Targeting Muslim Turks and Islam

"This attack targeted Muslim Turks and Islam in Western Thrace," said Huseyinoglu.

''This attack demonstrates the presence of those who are disturbed by the Muslim Turkish identity in Western Thrace,'' he added.

 

 

It taking place in Alexandroupolis, a part of western Thrace ''where pluralism and the culture of coexistence prevails is very significant,'' he explained.

''The fact that people from different religions and ethnicities have been living side-by-side for centuries has been an important feature of Western Thrace.''

 

 

Huseyinoglu stressed that such attacks do not help the integration of the minority into the majority of society.

 

Deliberate timing

Huseyinoglu stressed that this attack was not an isolated event and it was probably organized.

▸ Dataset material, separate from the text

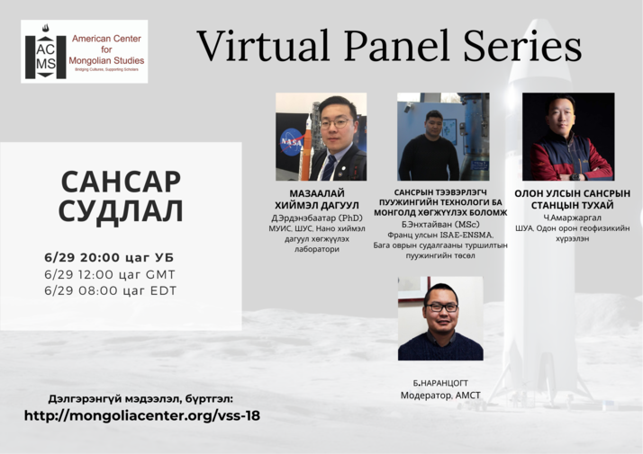 Бид “Virtual Panel Series” цувралын 6-р сарын дугаарыг монгол хэл дээр зохион байгуулж байгаа бөгөөд энэ сарын сэдэв “Сансар судлал”. Энэ удаагийн дугаарт гурван илтгэл тавигдах бөгөөд дараа нь үзэгчдийн асуултанд хариулна. Илтгэл №1. "Мазаалай хиймэл дагуул" Др. Д.Эрдэнэбаатар, МУИС, ШУС, Нано хиймэл дагуул хөгжүүлэх лаборатори

Although when exactly the attack took place is not yet known, Huseyinoglu said its timing was deliberate and meaningful.

 

 

The attack was reported just after the last Sunday's European Parliament (EP) elections in Greece, according to Huseyinoglu.

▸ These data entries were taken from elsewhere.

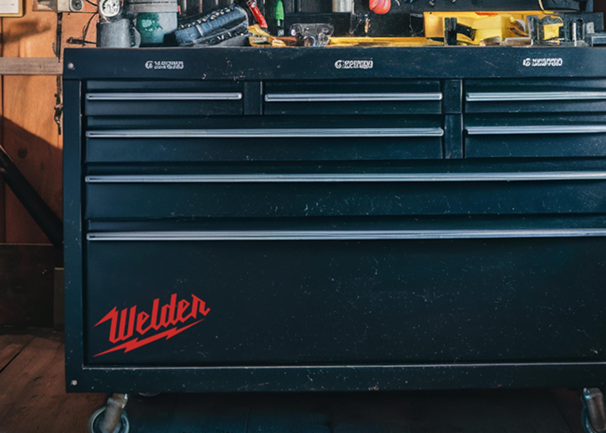 Our tradesman welder vinyl decal in the iconic Milwaukee tool font is perfect for adding a bold touch to any car, truck, or toolbox. This red welder decal is durable and weather-resistant, ensuring longevity even in tough conditions. Ideal as a gift for tradesmen, this decal is easy to apply and makes a strong statement wherever it's placed. Enhance your vehicle or gear with this standout welder decal!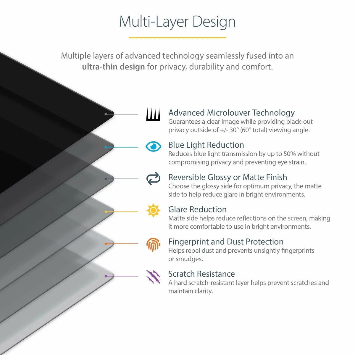 - Filtros de privacidad de pantalla: Antideslumbrante, Privacidad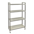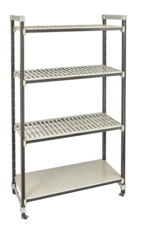 Camshelving® Elements XTRA Series High Density Top Rail Stationary Starter Unit, 18"D x 60"L x 81”H, 4 tier, withstands temperature -36°F (-38°C) to 190°F (88°C), includes: (3) (vented) & (1) solid polypropylene shelves with molded in Camguard® antimicrobial protection, (2) pre-assembled High Density Top Rail stationary post kits, (8) traverses, (4) bags of 4 dovetails (2 left, 2 right per bag), (4) Stainless Steel floor fasteners. 2400 lbs. max unit weight bearing capacity, speckled gray. Made in USA. NSF. NOTE: Elements XTRA High Density Top Rail Stationary Units are NOT interchangeable with Elements XTRA High Density Floor Track Stationary Units.

''It is important that the attack was carried out after the [European] election,'' he said.

 

 

Underlining that in that election Greece’s Friendship, Equality and Peace Party (FEP) won the support of ethnic Turks living in the country, Huseyinoglu said this attack may have carried out in response to the party’s success.

The party got a plurality of support in Rhodopi and Xanthi, two provinces in the Western Thrace region with a sizeable Turkish minority, thus making the party win the first place at both Rhodopi and Xanthi prefectures.

 

 

No effective sanctions

Huseyinoglu underlined that senior Greek officials issued condemnations of such attacks rather than taking effective counter-measures so as to prevent such hate-motivated attacks. The Golden Dawn Party condemned the attack as well.

''To date, about 90% of Islamophobic and other hate-motivated attacks suspects have not been identified or arrested, while a large part of the arrested attackers have not been punished,'' he said.

 

 

According to data from the Organization for Security and Co-operation in Europe (OSCE) Office for Democratic Institutions and Human Rights (ODIHR), of 128 hate crime incidents recorded by Greek police in 2017, only 46 resulted in prosecutions, and a mere six resulted in sentences.

Decrying the lack of deterrents against Islamophobic attacks, Huseyinoglu said: ''Such Islamophobic attacks are likely to continue because there are no effective sanctions or effective judicial mechanisms.''

 

 

Huseyinoglu also stressed that it is normal to have such attacks in a country like Greece, where even some of the top politicians and clergy do not hesitate to use Islamophobic rhetoric.